X_columns = [column for column in train_preproc.columns if column != 'target' and 'NaN' not in column]
X, y = train_preproc[X_columns], train_preproc.target

train_params = {
    'random_state': 1, 
    'solver': 'lbfgs', 
    'max_iter': 2020, 
    'verbose': 0,
    'n_jobs': 1
}
log_model = LogisticRegression(**train_params)
log_model.fit(X, y)
X *= abs(log_model.coef_[0])

In [36]:
compresed_xy = None
for tr_ind, val_ind in StratifiedKFold(10, shuffle=True, random_state=123).split(X, y):
    compresed_xy = (X.iloc[val_ind], y.iloc[val_ind])
    break
compresed_xy[0].shape, compresed_xy[1].shape

((60000, 23), (60000,))

In [37]:
train_params = {'n_neighbors': 188, 'p': 2, 'weights': 'uniform'}

cv_params = {
    'n_splits': 1,
    'test_size': 0.2,
    'random_state': 123,
}
cv = StratifiedShuffleSplit(**cv_params)

cross_validation(cv, KNeighborsClassifier(**train_params), 
                 compresed_xy[0].reset_index(drop=True), 
                 compresed_xy[1].reset_index(drop=True), verbose=True)#[0], verbose=True)#[0]


roc_auc_score
TRAIN: [0.77849] (0.77849)
VAL: [0.77885] (0.77885)


({'roc_auc_score': {'train': array([0.77849]),
   'val': array([0.77885]),
   'train_mean': 0.77849,
   'val_mean': 0.77885}},
 KNeighborsClassifier(algorithm='auto', leaf_size=30, metric='minkowski',
                      metric_params=None, n_jobs=None, n_neighbors=188, p=2,
                      weights='uniform'))

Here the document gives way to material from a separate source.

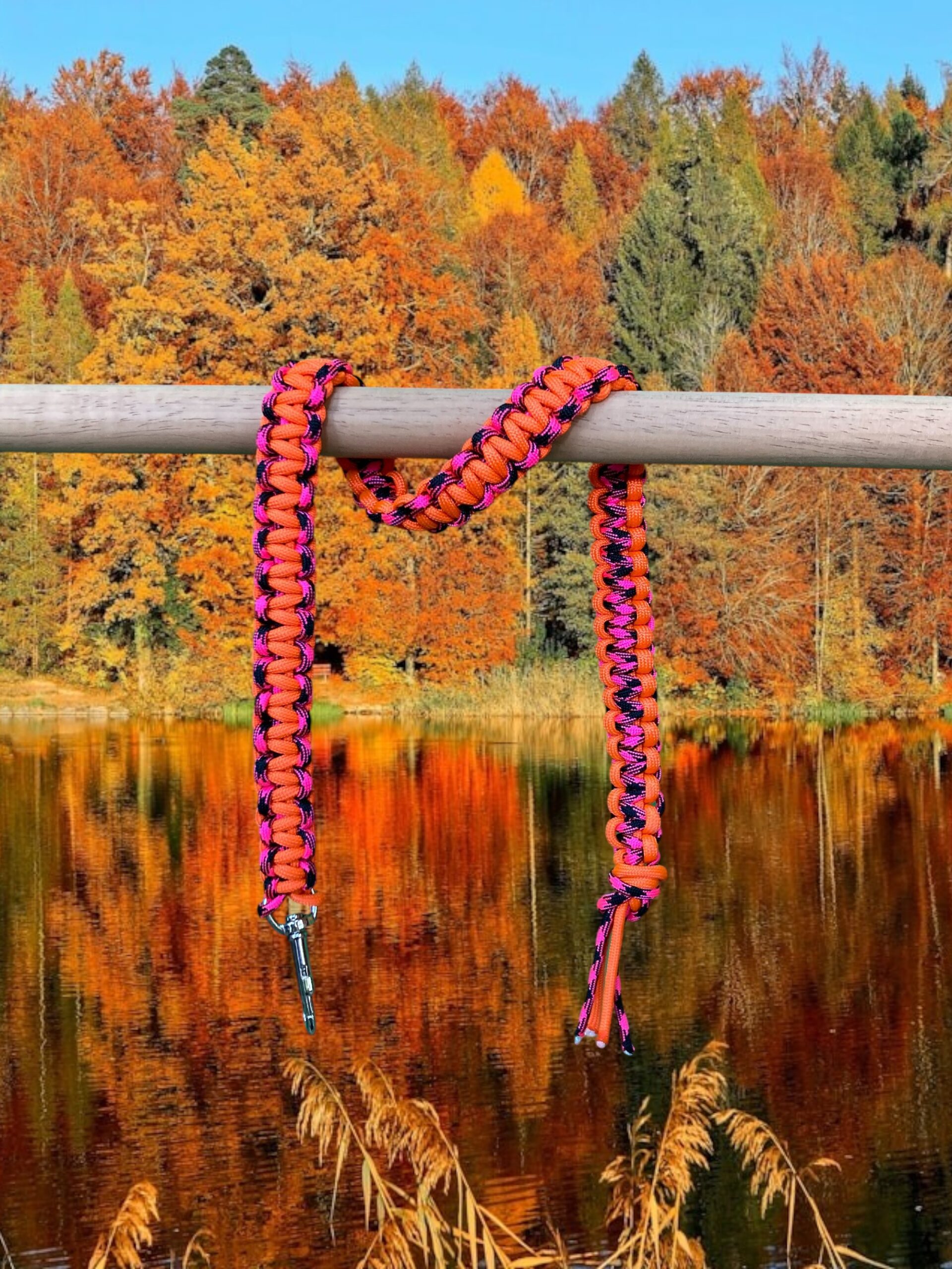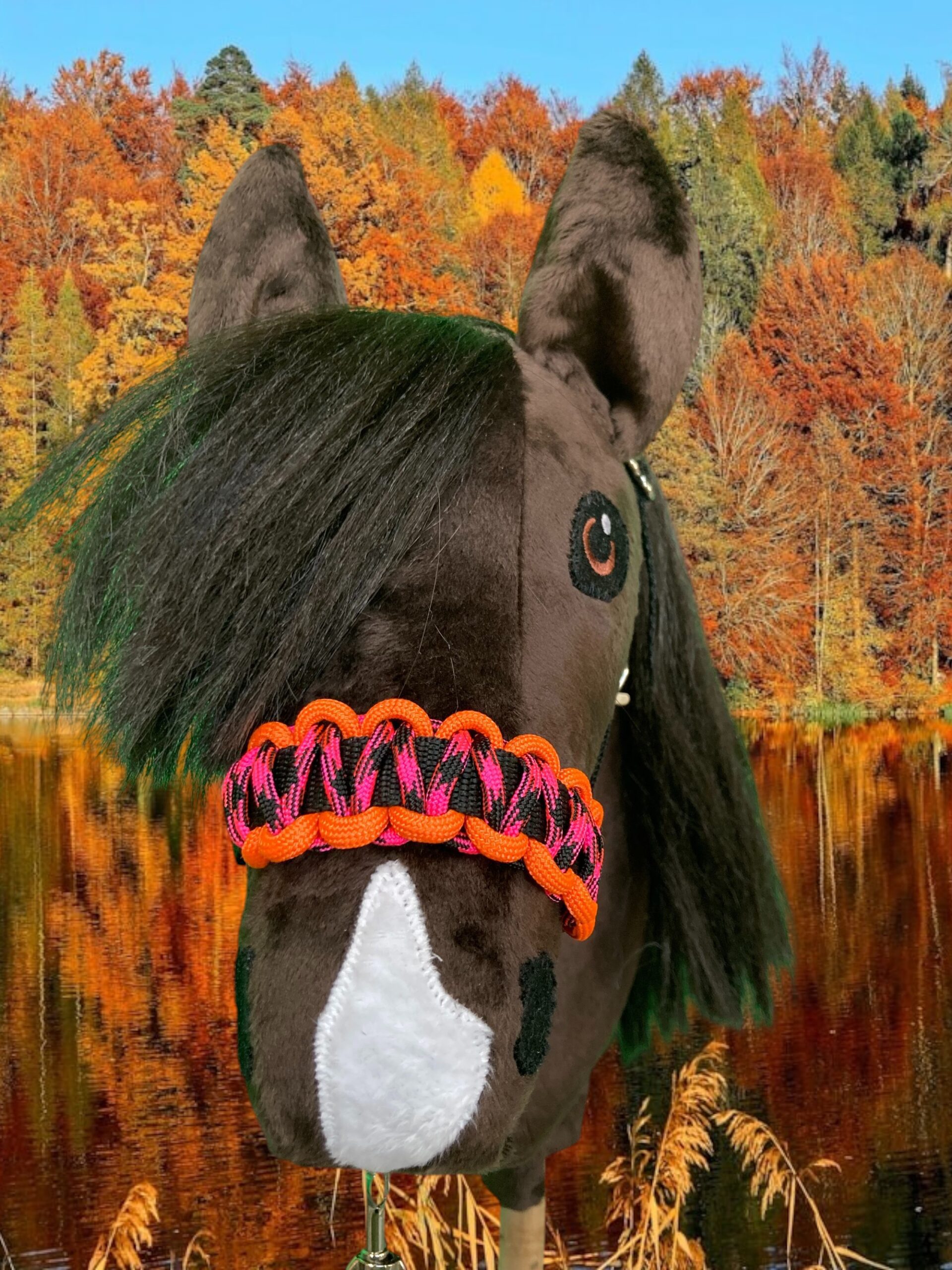 Laat je hobby horse knallen met deze prachtige set! Het stevige halster is versierd met handgeknoopt paracord in mooie kleuren. Het bijpassende korte halstertouw met musketon maakt de set helemaal compleet. De lengte van het halstertouw is, inclusief musketon ca. 60 cm. Een echte eyecatcher voor wie durft op te vallen!

### Since i've got relatively bad ROC-AUC score in training and 1 fold validation, i decided not to include that model in stack. Any changing n_neighbours parameter and other hyperparameters optimization didn't improve train and validation score sufficiently to add this model in stack.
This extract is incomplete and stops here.